[Extracted data entries]
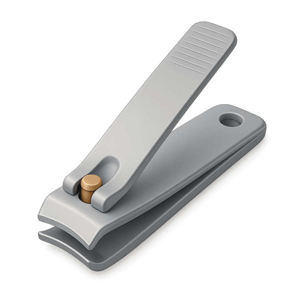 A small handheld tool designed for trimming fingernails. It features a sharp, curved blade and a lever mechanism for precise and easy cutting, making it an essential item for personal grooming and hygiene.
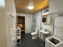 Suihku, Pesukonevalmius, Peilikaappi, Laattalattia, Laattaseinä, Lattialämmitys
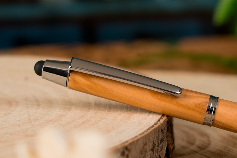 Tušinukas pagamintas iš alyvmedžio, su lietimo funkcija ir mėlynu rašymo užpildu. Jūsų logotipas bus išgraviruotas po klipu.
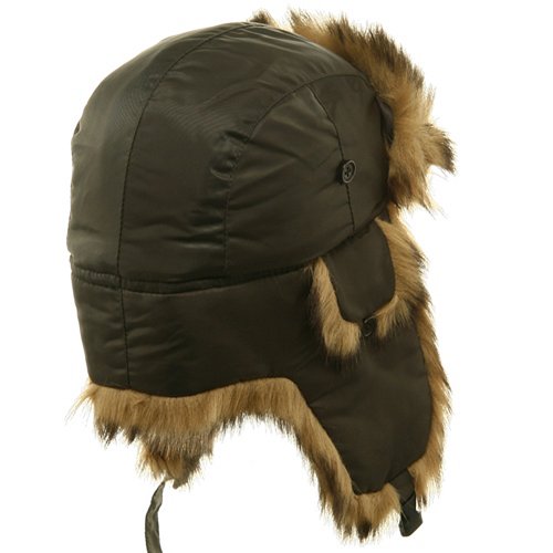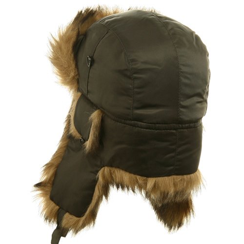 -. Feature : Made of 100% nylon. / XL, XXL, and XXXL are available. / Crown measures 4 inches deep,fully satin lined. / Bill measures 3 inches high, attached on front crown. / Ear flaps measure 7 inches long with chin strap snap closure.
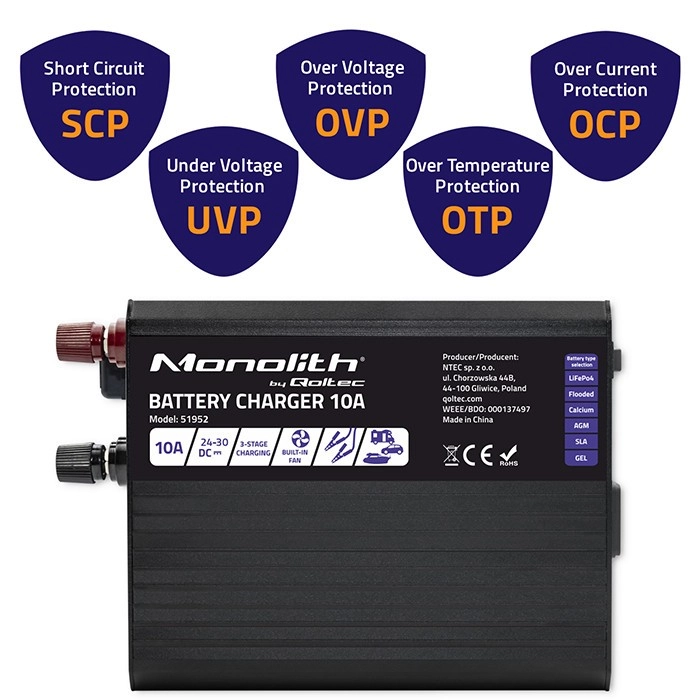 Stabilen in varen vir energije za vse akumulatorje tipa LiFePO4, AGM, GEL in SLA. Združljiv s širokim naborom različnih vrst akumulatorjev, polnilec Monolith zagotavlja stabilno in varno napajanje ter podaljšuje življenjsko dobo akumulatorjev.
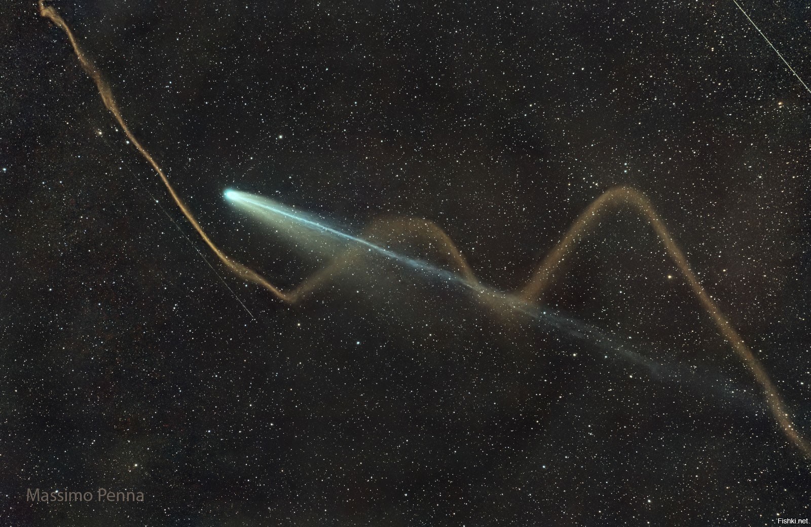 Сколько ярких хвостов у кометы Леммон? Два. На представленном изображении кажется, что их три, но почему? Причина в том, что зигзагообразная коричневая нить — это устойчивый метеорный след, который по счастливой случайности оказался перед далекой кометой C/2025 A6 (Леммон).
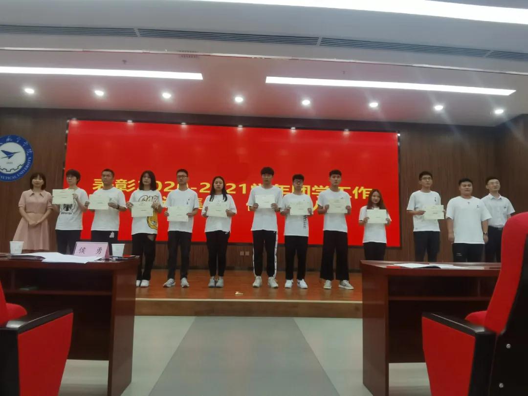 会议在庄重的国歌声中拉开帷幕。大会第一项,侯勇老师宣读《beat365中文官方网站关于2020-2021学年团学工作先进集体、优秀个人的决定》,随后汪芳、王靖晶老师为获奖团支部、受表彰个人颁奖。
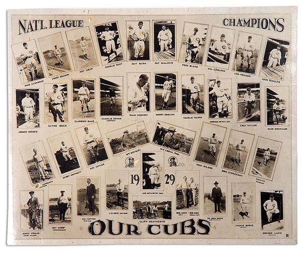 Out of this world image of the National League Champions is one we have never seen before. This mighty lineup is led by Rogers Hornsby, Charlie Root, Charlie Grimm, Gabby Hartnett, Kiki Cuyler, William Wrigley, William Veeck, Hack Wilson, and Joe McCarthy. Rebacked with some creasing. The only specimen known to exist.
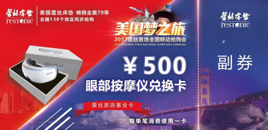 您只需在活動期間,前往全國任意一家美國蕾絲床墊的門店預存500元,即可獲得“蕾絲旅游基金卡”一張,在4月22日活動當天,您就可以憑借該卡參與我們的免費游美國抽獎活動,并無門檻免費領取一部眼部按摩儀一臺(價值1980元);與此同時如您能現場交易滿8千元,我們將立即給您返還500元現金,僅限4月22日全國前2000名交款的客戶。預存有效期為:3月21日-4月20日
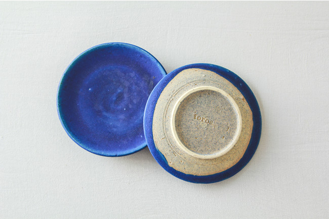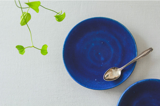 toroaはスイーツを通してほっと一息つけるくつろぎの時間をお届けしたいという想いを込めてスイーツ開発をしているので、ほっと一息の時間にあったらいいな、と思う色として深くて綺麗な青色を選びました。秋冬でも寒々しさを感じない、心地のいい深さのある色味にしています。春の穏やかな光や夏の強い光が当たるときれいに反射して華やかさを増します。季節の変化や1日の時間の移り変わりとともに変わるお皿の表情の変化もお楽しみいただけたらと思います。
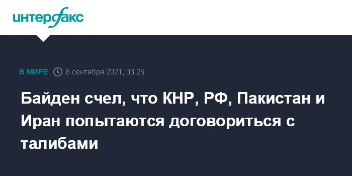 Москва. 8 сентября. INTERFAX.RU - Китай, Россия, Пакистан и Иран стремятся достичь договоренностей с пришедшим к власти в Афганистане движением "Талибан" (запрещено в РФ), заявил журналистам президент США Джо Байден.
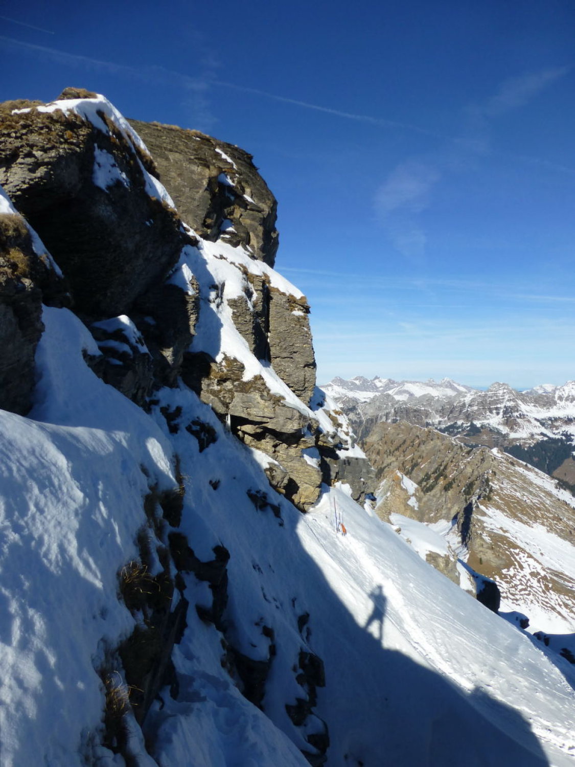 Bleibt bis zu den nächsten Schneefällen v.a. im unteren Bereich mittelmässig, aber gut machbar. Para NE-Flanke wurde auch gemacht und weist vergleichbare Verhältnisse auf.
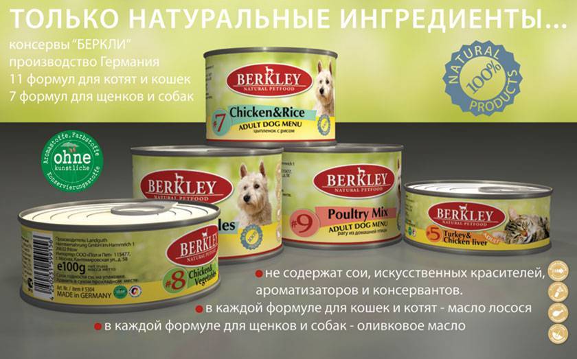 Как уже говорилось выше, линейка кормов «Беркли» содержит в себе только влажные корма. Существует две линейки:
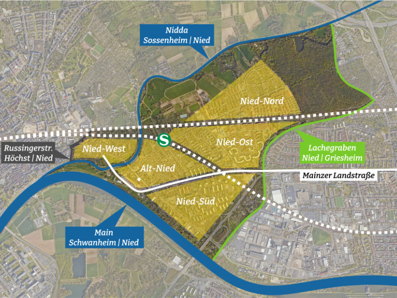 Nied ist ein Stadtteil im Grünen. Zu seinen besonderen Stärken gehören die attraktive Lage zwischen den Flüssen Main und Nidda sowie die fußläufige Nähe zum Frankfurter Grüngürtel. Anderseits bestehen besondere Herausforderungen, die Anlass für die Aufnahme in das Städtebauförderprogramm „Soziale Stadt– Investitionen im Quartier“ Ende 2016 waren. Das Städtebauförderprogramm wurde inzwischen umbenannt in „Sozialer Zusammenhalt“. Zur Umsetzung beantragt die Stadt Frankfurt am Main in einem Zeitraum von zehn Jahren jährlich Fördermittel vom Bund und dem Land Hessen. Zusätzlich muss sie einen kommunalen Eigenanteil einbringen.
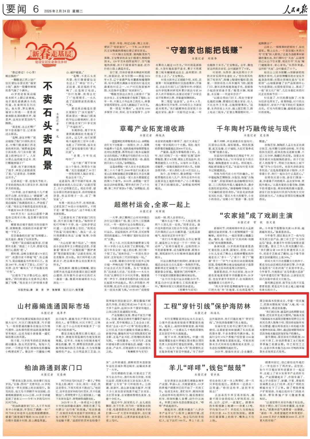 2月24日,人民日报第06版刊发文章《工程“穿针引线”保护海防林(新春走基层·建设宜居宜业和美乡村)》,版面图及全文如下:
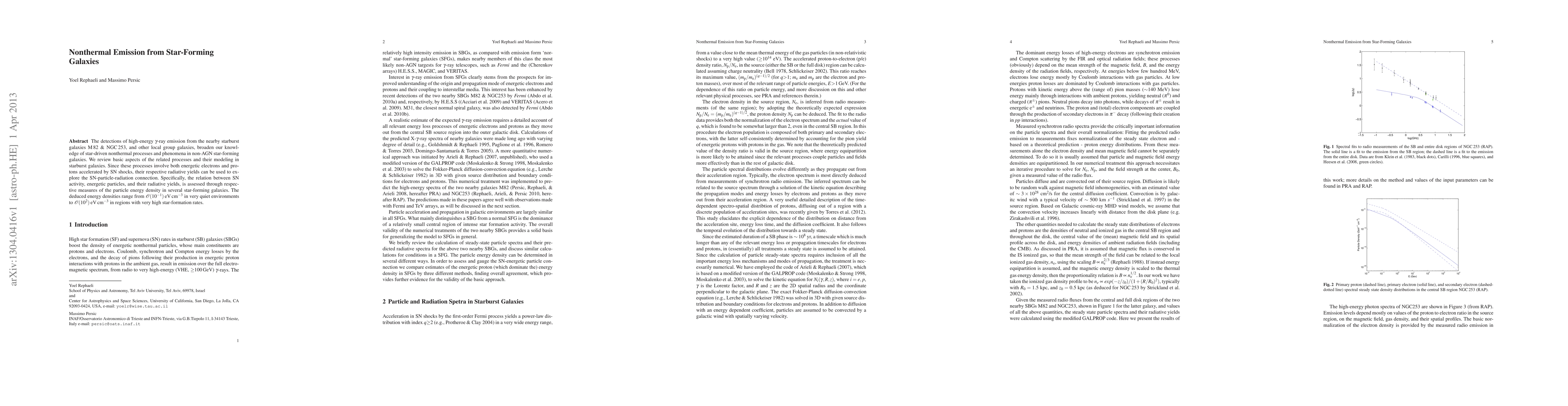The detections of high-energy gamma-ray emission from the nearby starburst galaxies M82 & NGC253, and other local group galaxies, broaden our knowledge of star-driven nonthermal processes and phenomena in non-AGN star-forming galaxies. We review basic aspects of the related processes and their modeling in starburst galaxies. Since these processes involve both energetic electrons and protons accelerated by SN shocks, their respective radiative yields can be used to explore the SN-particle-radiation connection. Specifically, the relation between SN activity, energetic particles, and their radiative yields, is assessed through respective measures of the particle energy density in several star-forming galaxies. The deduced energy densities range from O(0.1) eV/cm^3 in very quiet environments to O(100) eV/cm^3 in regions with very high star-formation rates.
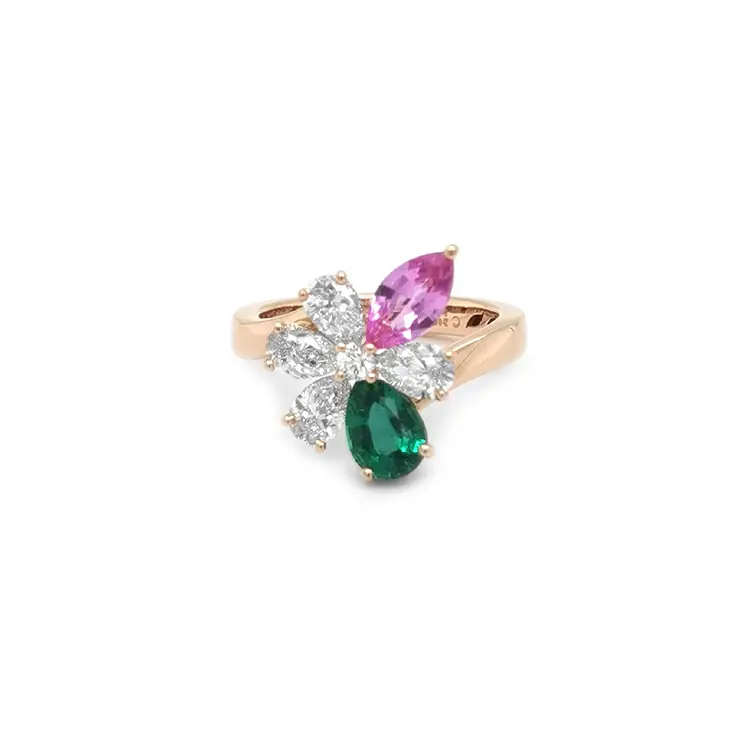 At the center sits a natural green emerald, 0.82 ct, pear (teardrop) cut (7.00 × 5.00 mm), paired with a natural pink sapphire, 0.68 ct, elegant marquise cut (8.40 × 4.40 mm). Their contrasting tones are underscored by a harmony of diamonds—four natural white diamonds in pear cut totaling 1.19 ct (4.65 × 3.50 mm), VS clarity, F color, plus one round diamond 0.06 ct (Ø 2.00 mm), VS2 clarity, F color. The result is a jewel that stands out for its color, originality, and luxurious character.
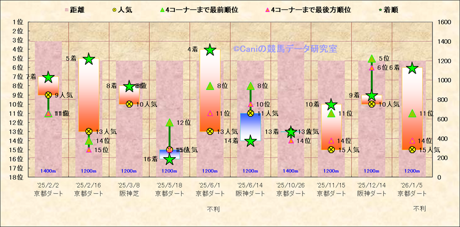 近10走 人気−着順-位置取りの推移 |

PROBLEM DETAILS.
In the entries above, every line from the line with "Tušinukas pagamintas iš" to the line with "Как уже говорилось" is to be printed exactly, with both ends included and pictures excluded.

RESULT FOR THIS TASK.
 Tušinukas pagamintas iš alyvmedžio, su lietimo funkcija ir mėlynu rašymo užpildu. Jūsų logotipas bus išgraviruotas po klipu.
 -. Feature : Made of 100% nylon. / XL, XXL, and XXXL are available. / Crown measures 4 inches deep,fully satin lined. / Bill measures 3 inches high, attached on front crown. / Ear flaps measure 7 inches long with chin strap snap closure.
 Stabilen in varen vir energije za vse akumulatorje tipa LiFePO4, AGM, GEL in SLA. Združljiv s širokim naborom različnih vrst akumulatorjev, polnilec Monolith zagotavlja stabilno in varno napajanje ter podaljšuje življenjsko dobo akumulatorjev.
 Сколько ярких хвостов у кометы Леммон? Два. На представленном изображении кажется, что их три, но почему? Причина в том, что зигзагообразная коричневая нить — это устойчивый метеорный след, который по счастливой случайности оказался перед далекой кометой C/2025 A6 (Леммон).
 会议在庄重的国歌声中拉开帷幕。大会第一项,侯勇老师宣读《beat365中文官方网站关于2020-2021学年团学工作先进集体、优秀个人的决定》,随后汪芳、王靖晶老师为获奖团支部、受表彰个人颁奖。
 Out of this world image of the National League Champions is one we have never seen before. This mighty lineup is led by Rogers Hornsby, Charlie Root, Charlie Grimm, Gabby Hartnett, Kiki Cuyler, William Wrigley, William Veeck, Hack Wilson, and Joe McCarthy. Rebacked with some creasing. The only specimen known to exist.
 您只需在活動期間,前往全國任意一家美國蕾絲床墊的門店預存500元,即可獲得“蕾絲旅游基金卡”一張,在4月22日活動當天,您就可以憑借該卡參與我們的免費游美國抽獎活動,并無門檻免費領取一部眼部按摩儀一臺(價值1980元);與此同時如您能現場交易滿8千元,我們將立即給您返還500元現金,僅限4月22日全國前2000名交款的客戶。預存有效期為:3月21日-4月20日
 toroaはスイーツを通してほっと一息つけるくつろぎの時間をお届けしたいという想いを込めてスイーツ開発をしているので、ほっと一息の時間にあったらいいな、と思う色として深くて綺麗な青色を選びました。秋冬でも寒々しさを感じない、心地のいい深さのある色味にしています。春の穏やかな光や夏の強い光が当たるときれいに反射して華やかさを増します。季節の変化や1日の時間の移り変わりとともに変わるお皿の表情の変化もお楽しみいただけたらと思います。
 Москва. 8 сентября. INTERFAX.RU - Китай, Россия, Пакистан и Иран стремятся достичь договоренностей с пришедшим к власти в Афганистане движением "Талибан" (запрещено в РФ), заявил журналистам президент США Джо Байден.
 Bleibt bis zu den nächsten Schneefällen v.a. im unteren Bereich mittelmässig, aber gut machbar. Para NE-Flanke wurde auch gemacht und weist vergleichbare Verhältnisse auf.
 Как уже говорилось выше, линейка кормов «Беркли» содержит в себе только влажные корма. Существует две линейки:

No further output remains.